# E. Kilesa question



## BioG (Oct 12, 2008)

I have a group of 5 E. Kilesa, had them about 6 mos. One is male for sure because his lit up all the time! Of the five the males turned out to be the two smallest. At least I think. That's where my ? comes in. The suspected second male won't color up and resembles the females in almost every way except that "he" has a very distinct black throat. I have heard one male will color up before the other while they mature but I have already had a spawn out of the definite male and no evidence that this #2 is male other than the throat. I'm not a kilesa expert, all fish seem happy. It's just that I wanted at least 2 males and I don't want to go and find another male and then end up with 3 males just due to space. Is the black throat, which none of my 3-4 inch (All the kilesa are close to 4 inches now if not bigger) females have a defining male characteristic? Will both of them ever color up at the same time?

When I woke up yesterday I did see 2 bowers, side by side, whereas I usually only find one. Will one male dig 2 bowers? The definite male is so colorful that he can't hide it even when he;s faded he's got a blue head, yellow dorsal etc. The suspected #2 male is the smallest of the whole group. They are in an 80 gallon with a pair of gobies which ignore them.

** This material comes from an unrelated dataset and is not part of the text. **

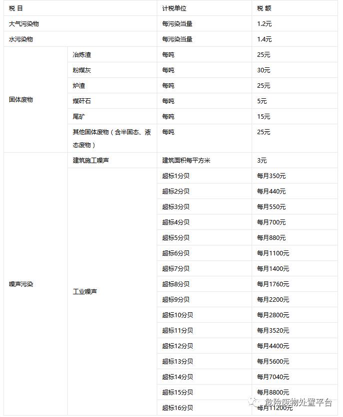 各種污染物的環(huán)保稅率清單及應繳環(huán)保稅的計算公式

Water is ALWAYS super clean.
Thanks.


----------



## Longstocking (Aug 26, 2003)

Yes one male will dig two bowers.

You have two males. Females are just silver for the most part.


----------



## BioG (Oct 12, 2008)

Is it likely and/or typical for the second male not to color up ever? I originally thought I just had to wait longer but with the other male at full color it seems, since these two are the same age, that the second would have at least a bit more than a black throat?


----------



## Darkside (Feb 6, 2008)

The second male should colour up at some point.


----------



## BioG (Oct 12, 2008)

Yes but when do I decide he's not a he and then go looking for a second male??


----------



## daniel4832 (May 8, 2004)

You have two males, as Sarah said, the females do not have a black throat. What size tank is your group in, it may be too small for two males to color up? The second male sounds like he is not coloring up, because he doesn't want to be beat on by the dominate male.
Thanks,
Daniel


----------



## Qaddiction (Oct 16, 2007)

I agree with the two males, but it raised a different question for me. All of my Kilesa and others I have seen have yellow throats. Do some Kilesa have black throats? However, my melanogenys have black throats. Still, in either species my females show no color. Curious...


----------



## daniel4832 (May 8, 2004)

From the description, they sound like melanogenys. I meant to bring that up, good catch!
Thanks,
Daniel


----------



## BioG (Oct 12, 2008)

They have black throats but when the dominant male "flares" his throat is yellow. Still melanogenys? I bought them from a very reliable breeder but it's possible the old fellah heard what he wanted to after I said Enantiopus.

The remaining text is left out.